Fatigue properties of rubber are one of the most important characteristics in the rubber industry. In this study, the fatigue properties of MREs (magneto-rheological elastomers) based on NR (natural rubber), EPDM (ethylene-propylene diene monomer), and AEM (ethylene/acrylic elastomer) were investigated. For comparison, MREs with a Shore hardness of 60A were prepared. According to the relative results, the fatigue properties of EPDM MRE were the worst. Thus, we investigated methods to improve the fatigue properties of EPDM MRE by varying the carbon black content and curing systems of EPDM as the matrix of the MRE. Dynamic properties were measured using a fatigue tester and an RPA (rubber process analyzer), and the XPS (X-ray photoelectron spectroscopy) was used to analyze the curing system of the EPDM matrix.
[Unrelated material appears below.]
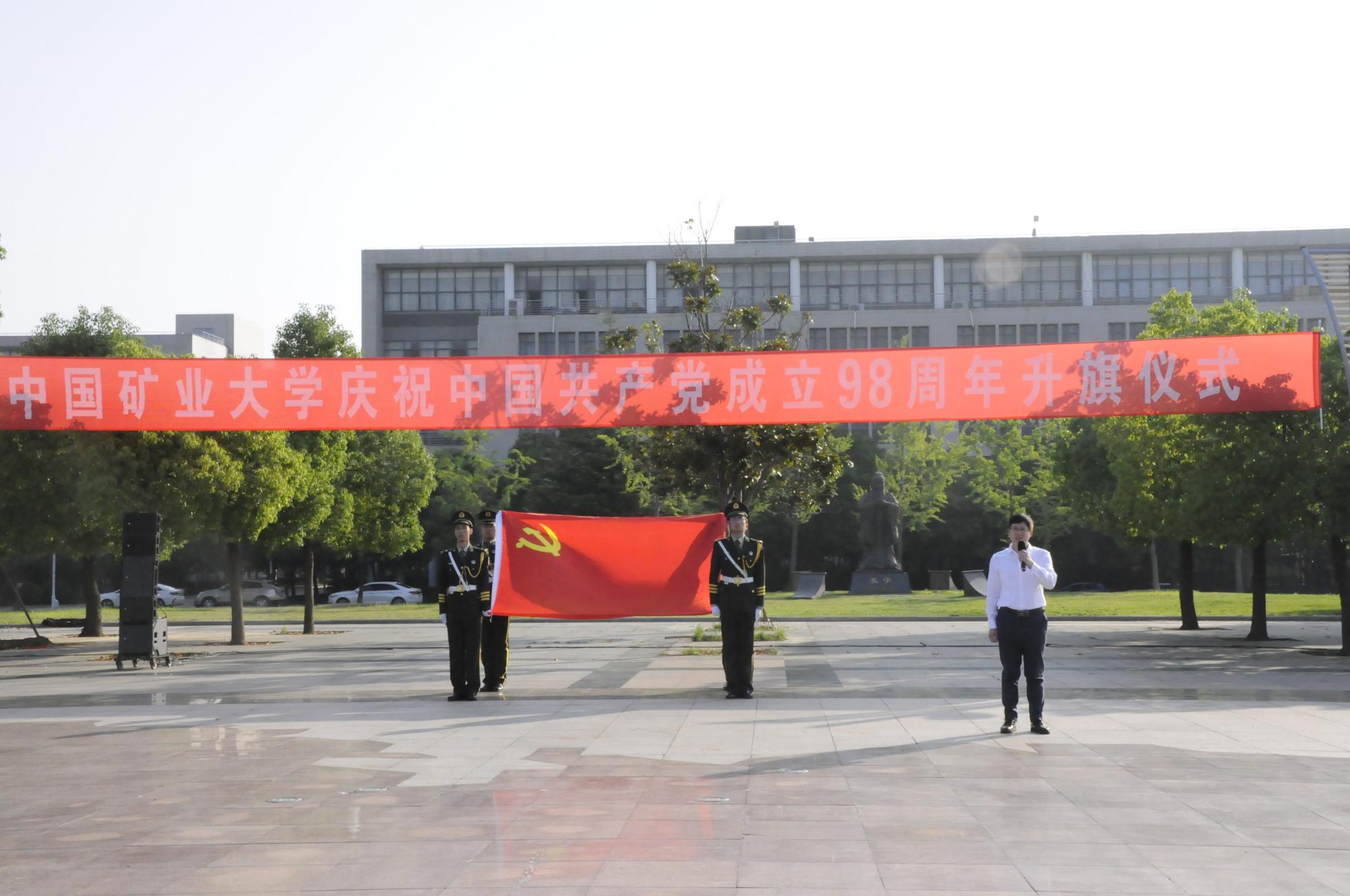 庆祝中国共产党成立98周年升旗仪式在南湖校区东门国旗广场举行,校党委书记刘波,校长、校党委副书记宋学锋,校党委副书记蔡世华、王增国出席升旗仪式,党群部门主要负责人,校学生工作指导委员会成员单位主要负责人,各学院(部)相关负责人、教师代表、专兼职辅导员和学生党员代表参加仪式。王增国副书记主持活动。学院党委书记吕恒林,团委书记、专兼职辅导员、教师和学生党员代表参与了本次仪式。

According to the results, the Payne effect increased and the fatigue resistance decreased as the carbon black content increased. In case of the curing system, the CV (conventional vulcanization) system was superior to the EV (efficient vulcanization) system in terms of the fatigue resistance. This was because the number of flexible bonds in the case of the CV system was higher than that in the case of the EV system. However, the EV system showed excellent mechanical properties because it had many monosulfidic bonds with strong binding energy.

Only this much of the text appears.